The blockchain against fraud technology has been taken into consideration since the rise of cybersecurity. The incredible technology holds brilliant potential for securing sensitive data from malicious activities.
Since blockchain contains digital assets including documents that are secured via powerful cryptographic keys. This is one of the primary reasons why it is harder for attackers to manipulate information stored in the blockchain. The data is stored on multiple computers on a blockchain network, so if someone wants to access crucial information, they will have to gain access on all computers which is almost impossible in all cases. Even if the hackers happen to gain access to data, any change they make to the data will be highlighted in the information. This is what blockchain unique and suitable to secure data. Now you know how blockchain prevents identity theft.
Storing any identity information on a blockchain will help both government and the public to prevent identity theft. This is how blockchain works, and the blockchain features and benefits are slowly causing it to come into mainstream adoption.
While blockchain is still a growing technology, it has countless possibilities for securing data. As the current measures for identity information storage are being attacked and breached, the use of blockchain for fraud prevention is at an all-time high.
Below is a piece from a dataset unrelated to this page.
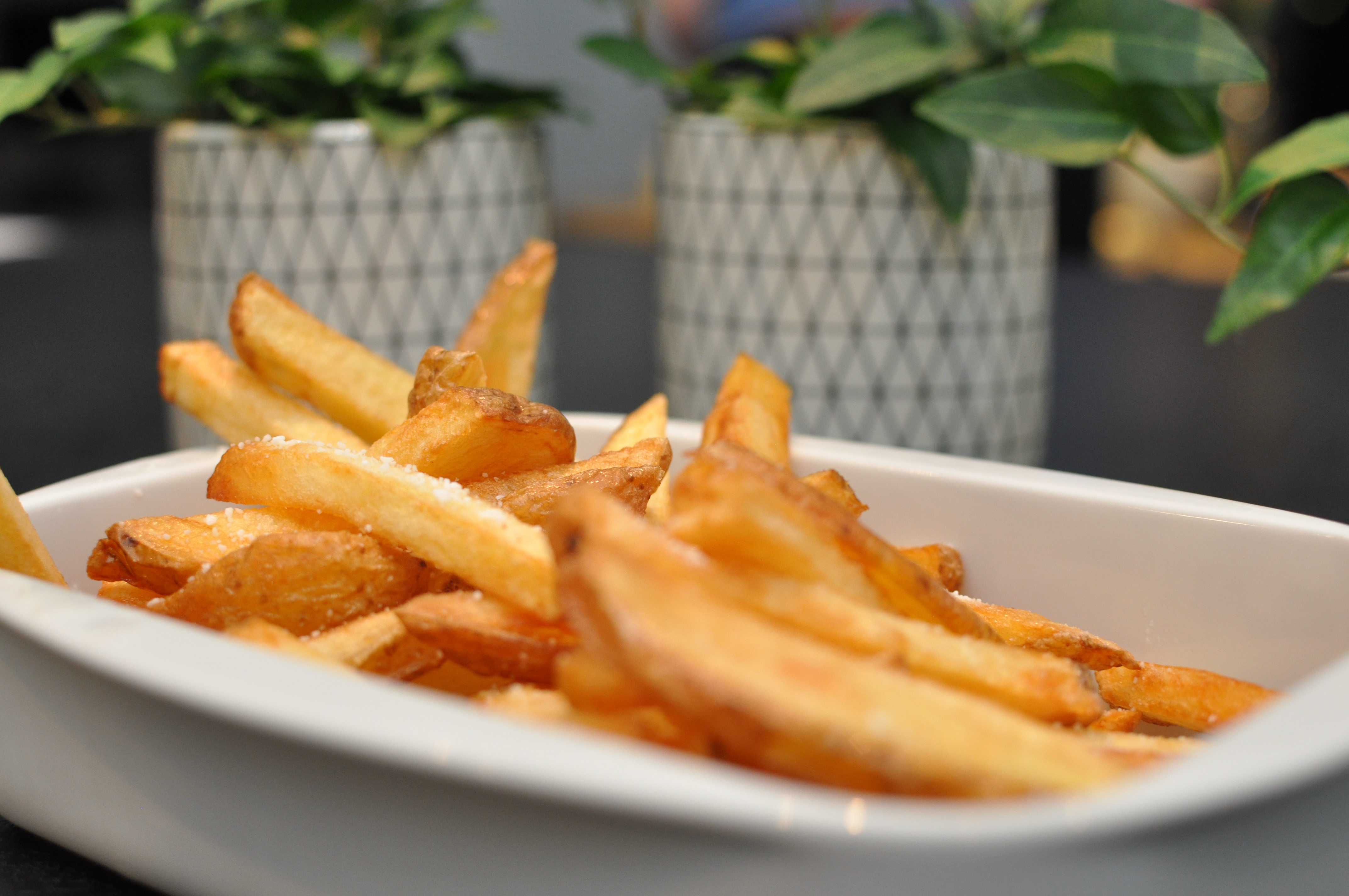 Inden i skal spise giver du dem en tur i frituren igen. Denne gang er det nok med ca. 2 min og husk at drysse dem med groft salt inden de kommer på bordet.

1. Blockchain Is Distributed
A blockchain is a type of distributed digital ledger which contains transaction data that is hosted on a peer-to-peer network. There is no centralized administrator so there’s no one point of failure that can be accessed for information breach. Instead of a single point, the management and authorization are spread all over the network.
2. Blockchain Is Unyielding
Another blockchain feature and benefit is that any transaction or information recorded on the blockchain is unchangeable as the information can’t be deleted or changed. While you can create a new transaction to change the state of any asset, the new information will just be added to the chain.
3. Blockchain can be Permissioned
Businesses of all kinds tend to deal with a lot of confidential data and they can’t have just about anyone access the vital information. So they have to find some way to make sure that outsiders can’t access their data. This is where permissions come into play. You should know that not all blockchain is permissioned. This is why permissioned networks can be a great solution for fraud prevention because they can restrict who can access the data.
How DIRO Makes Use of Blockchain For Document Verification?
Till now we have discussed, how does blockchain secure data, how blockchain work, types of identity theft and how blockchain prevent identity theft. A major part of all the information and the data breach are documenting, most of the online frauds are conducted by using fake or tempered documents.
A person who steals an identity can open a new bank account and use that bank account for many fraudulent activities. That’s where the innovative technology for document verification by DIRO comes in. It verifies any online original information on the web with automatic user consent and impersonation checks. You can verify any bank statements, proof of address, student certificates and so much more.
Once DIRO verifies a piece of information, it provides a trust certificate which ensures a document is original. This original document can then be shared in the form of a PDF. DIRO provides the digital document with a unique hash, which then is placed on a blockchain. use this information to verify the documents that are already on the blockchain.
So banks, financial institutions, and others can drop this PDF into DIRO’s verification engine, which verifies the information against the blockchain. DIRO’s original documents are much secured to share as the information can’t be tampered with by attackers or anyone else. Organizations can use DIRO’s software to minimize online fraud.